Install and use via the SDK or the CLI:

npm install @toon-format/toon
npx @toon-format/toon-cli data.json          # encode JSON to TOON
npx @toon-format/toon-cli data.toon -d       # decode back to JSON
npx @toon-format/toon-cli data.json --stats  # show token count comparison

In code:

import { encode, decode } from '@toon-format/toon'

const data = {
  metrics: [
    { date: '2025-01-01', views: 6138, clicks: 174, revenue: 2712.49 },
    { date: '2025-01-02', views: 4616, clicks: 274, revenue: 9156.29 },
  ]
}

console.log(encode(data))
// metrics[2]{date,views,clicks,revenue}:
//   2025-01-01,6138,174,2712.49
//   2025-01-02,4616,274,9156.29

Roundtrip is lossless — decode(encode(data)) gives back the original object. Key folding is opt-in with keyFolding: 'safe' and pairs with expandPaths: 'safe' on the decode side for full roundtrip fidelity.

Rough edges

The spec is in a separate repo (toon-format/spec) which is v3.0 and described as stable but also "an idea in progress." That combination is a flag — the format could still evolve, and you'd need to track two repos. Community implementations exist in other languages but the reference TypeScript SDK is the only fully conformant one.
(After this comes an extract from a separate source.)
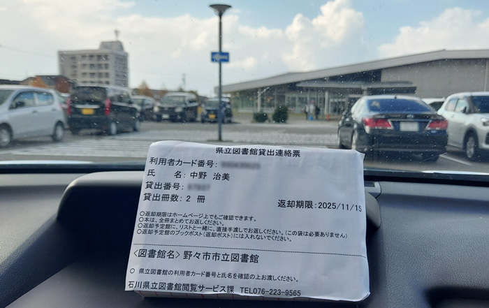 ということで、石川県立図書館の本を野々市図書館で受け取ることができるのです。

The tabular format only applies when all values in an array are primitives at the same key positions. Nested objects within array rows fall back to the list-item format, so real-world API responses with even light nesting lose most of the token benefit. The benchmark's "mixed-structure" track shows TOON beating JSON compact only when tabular density is 33%+, and actually losing to JSON compact on semi-uniform event logs (+19.9%).

Bottom line

If you're building prompts that pass batches of uniform records to LLMs — search results, database rows, time-series data — TOON is worth adding as a serialization step. The gains are real for the right data shape, the SDK is solid, and encoding is a one-liner.